Upaya Pelestarian: Antara Harapan dan Realitas
Sejumlah upaya konservasi telah dilakukan untuk menyelamatkan kawasan mangrove Wonorejo, baik oleh pemerintah, LSM, akademisi, hingga komunitas warga.
✅ Inisiasi Ekowisata Mangrove
Dikelola oleh Dinas Ketahanan Pangan dan Pertanian Kota Surabaya, kawasan ini dijadikan sebagai pusat wisata edukasi berbasis ekologi. Pengunjung bisa belajar tentang jenis-jenis mangrove, peran ekosistem, dan pentingnya konservasi.
✅ Penanaman Kembali (Rehabilitasi Mangrove)
Program penanaman mangrove oleh pelajar, komunitas pecinta lingkungan, dan relawan terus digalakkan. Jenis-jenis seperti Rhizophora mucronata dan Avicennia marina ditanam di area yang mengalami kerusakan.

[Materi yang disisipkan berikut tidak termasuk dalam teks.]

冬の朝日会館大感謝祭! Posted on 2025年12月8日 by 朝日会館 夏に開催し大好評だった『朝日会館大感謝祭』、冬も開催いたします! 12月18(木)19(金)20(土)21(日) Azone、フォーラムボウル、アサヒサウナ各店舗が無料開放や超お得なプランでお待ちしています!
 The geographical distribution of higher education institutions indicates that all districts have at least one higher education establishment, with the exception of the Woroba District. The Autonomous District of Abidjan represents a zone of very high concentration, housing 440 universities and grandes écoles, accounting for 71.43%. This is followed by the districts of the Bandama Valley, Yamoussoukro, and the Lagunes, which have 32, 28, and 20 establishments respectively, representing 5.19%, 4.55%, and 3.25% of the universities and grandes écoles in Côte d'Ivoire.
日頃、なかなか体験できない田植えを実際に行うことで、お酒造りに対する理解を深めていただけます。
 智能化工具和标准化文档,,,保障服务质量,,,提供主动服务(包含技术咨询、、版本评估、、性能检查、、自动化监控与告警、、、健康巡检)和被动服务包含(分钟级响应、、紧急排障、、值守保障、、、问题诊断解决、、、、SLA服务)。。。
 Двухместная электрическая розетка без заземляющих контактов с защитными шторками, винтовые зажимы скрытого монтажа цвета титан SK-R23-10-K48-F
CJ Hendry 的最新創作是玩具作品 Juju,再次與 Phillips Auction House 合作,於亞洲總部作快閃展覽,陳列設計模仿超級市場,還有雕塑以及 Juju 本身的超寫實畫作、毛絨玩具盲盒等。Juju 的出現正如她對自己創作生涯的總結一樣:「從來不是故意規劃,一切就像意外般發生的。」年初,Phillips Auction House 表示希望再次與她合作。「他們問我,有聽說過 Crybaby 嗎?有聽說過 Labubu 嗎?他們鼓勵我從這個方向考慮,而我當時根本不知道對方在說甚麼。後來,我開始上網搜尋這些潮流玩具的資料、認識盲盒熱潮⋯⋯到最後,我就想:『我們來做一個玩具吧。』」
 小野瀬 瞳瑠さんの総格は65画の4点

✅ Edukasi dan Kampanye Lingkungan
Kampanye melalui media sosial, seminar, dan kegiatan sekolah turut membantu membangun kesadaran generasi muda tentang pentingnya menjaga mangrove.

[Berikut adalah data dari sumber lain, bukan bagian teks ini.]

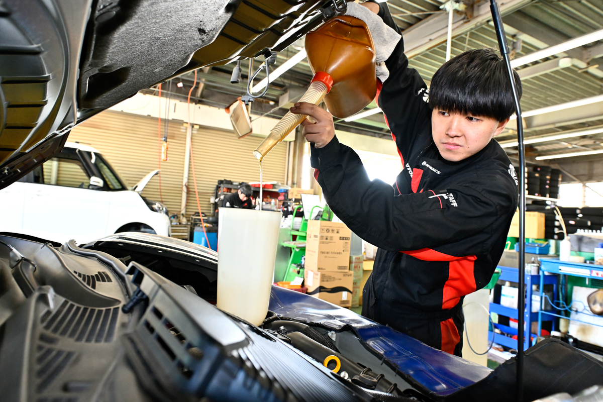 この年式と仕様のジュークには省燃費のAPI:SN/SAE:0W-20が指定されており、今回は純正同等のエンジンオイルを選択。銘柄は元のエンジンオイルと同じではないが、オイル粘度が燃費などに与える影響を最小限に抑えた。担当メカニックによると、「抜いたエンジンオイルはそれなりに汚れているが、酷い状態でもない」とのこと。スーパーゾイル ECOは、エンジンオイル規定量の5%になるよう添加するのが適量で、このジュークが必要とするエンジンオイル容量はフィルター交換時で約4.3Lなので、215mlを添加する計算となる。
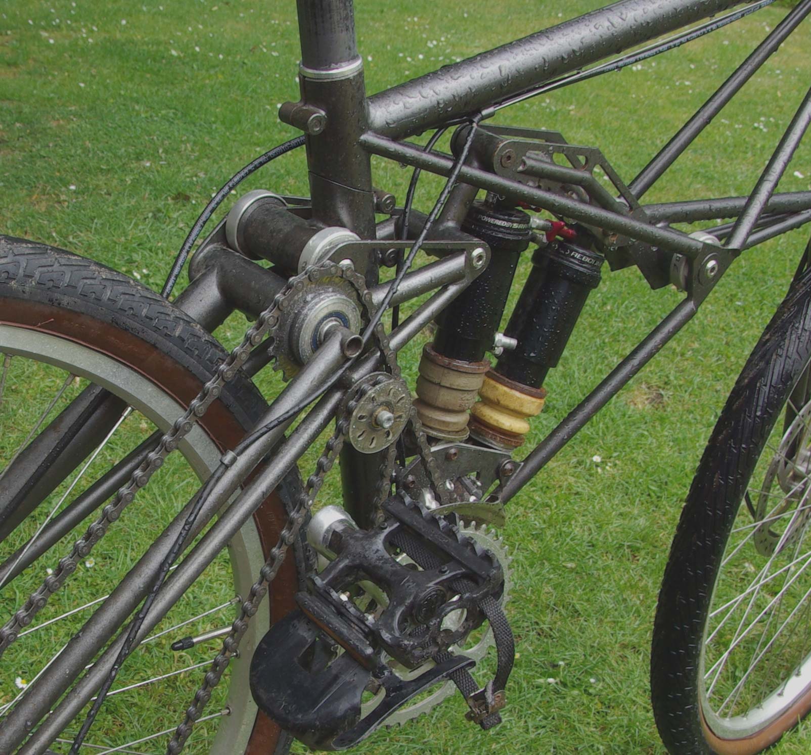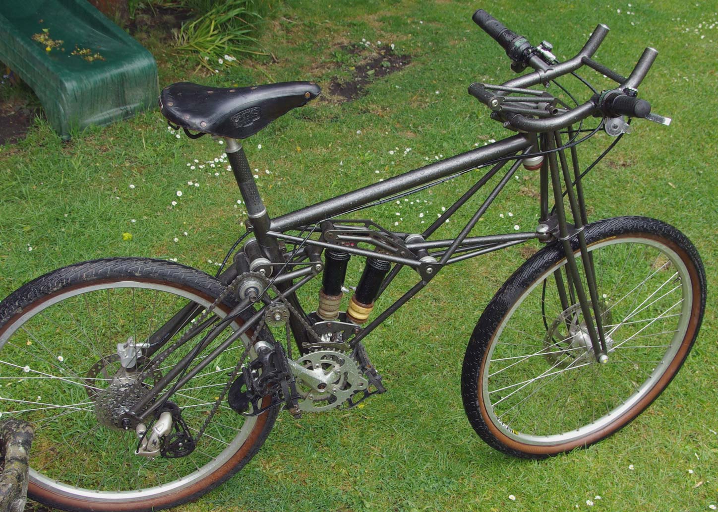 Mein Projekt begann ich mit einem sehr billig erstandenen, vollgefederten Rad, das wegen meiner rudimentären Fertigungsmöglichkeiten in meinem Gartenschuppen eher einem Frankenstein verwandten Ungeheuer als einem Fahrrad glich. Das Arbeitsergebnis knirschte und ratterte die Straße entlang, aber ich konnte – das persönliche Risiko außer Acht lassend – erkennen, dass das Rad prinzipiell so funktionierte, wie ich es erhofft hatte. Natürlich wäre es unmöglich gewesen, solch einen Haufen zusammengeschraubten Metalls irgendjemandem zu präsentieren und damit Interesse zu wecken. Ich brauchte einen Prototyp entschieden besserer Qualität. Einen solchen zu bauen konnte ich Dave Wrath-Sharman von der Firma Highpath-Design and Development gewinnen, mit einem Zuschuss von Advantage West Midlands waren 50 % der Kosten gedeckt, und so konnte es losgehen.

Namun demikian, tantangan terbesar tetap pada komitmen jangka panjang. Banyak inisiatif yang bersifat temporer, simbolik, atau tidak didukung oleh pengawasan dan pendanaan yang memadai.
Solusi Berkelanjutan: Menjaga yang Tersisa
Jika mangrove Wonorejo ingin tetap eksis dan berfungsi optimal, diperlukan strategi pelestarian yang lebih komprehensif dan terintegrasi:
1. Penguatan Regulasi dan Zonasi
Pemerintah kota perlu mempertegas batas kawasan lindung dan memastikan tidak ada pembangunan yang melanggar RTRW.
2. Kolaborasi Multistakeholder
Melibatkan pihak swasta, masyarakat, akademisi, dan pemerintah dalam bentuk co-management (pengelolaan bersama), bukan hanya proyek satu arah.
3. Sistem Pengawasan Partisipatif
Masyarakat lokal perlu diberdayakan sebagai penjaga kawasan, dengan insentif atau skema padat karya yang mendukung keberlanjutan.
4. Diversifikasi Ekowisata
Ekowisata tidak hanya harus menarik, tapi juga mendidik dan memberi dampak ekonomi langsung ke warga sekitar — seperti pelatihan pemandu lokal, produk UMKM, dan workshop lingkungan.
5. Riset dan Pemantauan Rutin
Kerjasama dengan perguruan tinggi lokal untuk melakukan riset keanekaragaman hayati, kualitas air, dan dampak sosial ekonomi sangat penting dalam menyusun kebijakan berbasis data.
Penutup: Menjaga Warisan, Menjaga Masa Depan
Mangrove Wonorejo bukan sekadar kumpulan pohon di tepi laut. Ia adalah benteng terakhir dari abrasi yang mengintai pesisir Surabaya, penyaring polusi kota, tempat berkembang biaknya ikan dan burung, serta ruang hidup yang damai bagi makhluk-makhluk yang tak bersuara.
Melupakan mangrove sama dengan mengabaikan masa depan ekologi dan keselamatan kota. Di tengah maraknya pembangunan fisik, suara-suara hijau seperti Wonorejo harus terus digaungkan, dijaga, dan dipulihkan.
Karena jika tidak sekarang, kapan lagi? Dan jika bukan kita, siapa lagi?